Day 31: ExportJPEGs automation

ExportJPEGs automation

The user has to perform some fine tuning of the export jpeg parameters in order for an acceptable rotating head to be exported.

This is because every single head coming from 123D Catch is widely different in terms of its size, its orientation (luckily they are only either the right way up, or upside down, so it isn't too difficult to normalize the orientation), and its vertical position and therefore the camera in the ExportJPEGs program must be set in the right place for every head, to give consistent images overall.

The best way to manage this user input is via a GUI. The program could run and display a test image of the model, the user changes parameters in the GUI and the test image updates itself. When satisfied, the user hits the "Export" button and the JPEGs are output.

So today, I made GUIs.

Need to incorporate exporting of JPEGs into Goblin XNA so that I can use Goblin's GUI wrappers and easy to use GUI features. Trying to manually work out WinForms would take too long.

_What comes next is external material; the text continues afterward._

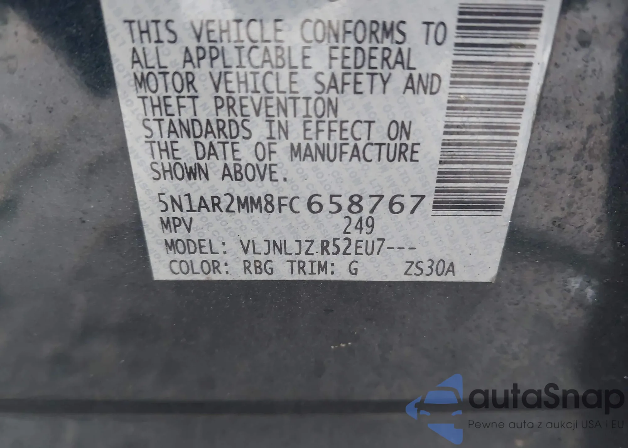 Автомобиль Nissan Pathfinder 2015 (VIN 5N1AR2MM8FC658767) ранее не участвовал в торгах. Документы чистые, пробег соответствует или ниже среднего по рынку. Продаётся страховой компанией — рекомендуем покупку. Доставка в порт займет около 6–8 недель.

Implemented the writing to alternate render target and dumping that target to a JPEG feature. The dumped images show the GUI display correctly, but do not show the rotating shape in the centre at all.

I'm using the Scene.RenderScene() method to draw the scene to the rendertarget. Normally you use Scene.Draw() but that also updates all physics etc that you want to update on a frame, in comparison RenderScene just draws the scene as is without updating anything (which is what we want, we will be drawing the scene 36 times on a single frame, each time rotate the model 10 degrees).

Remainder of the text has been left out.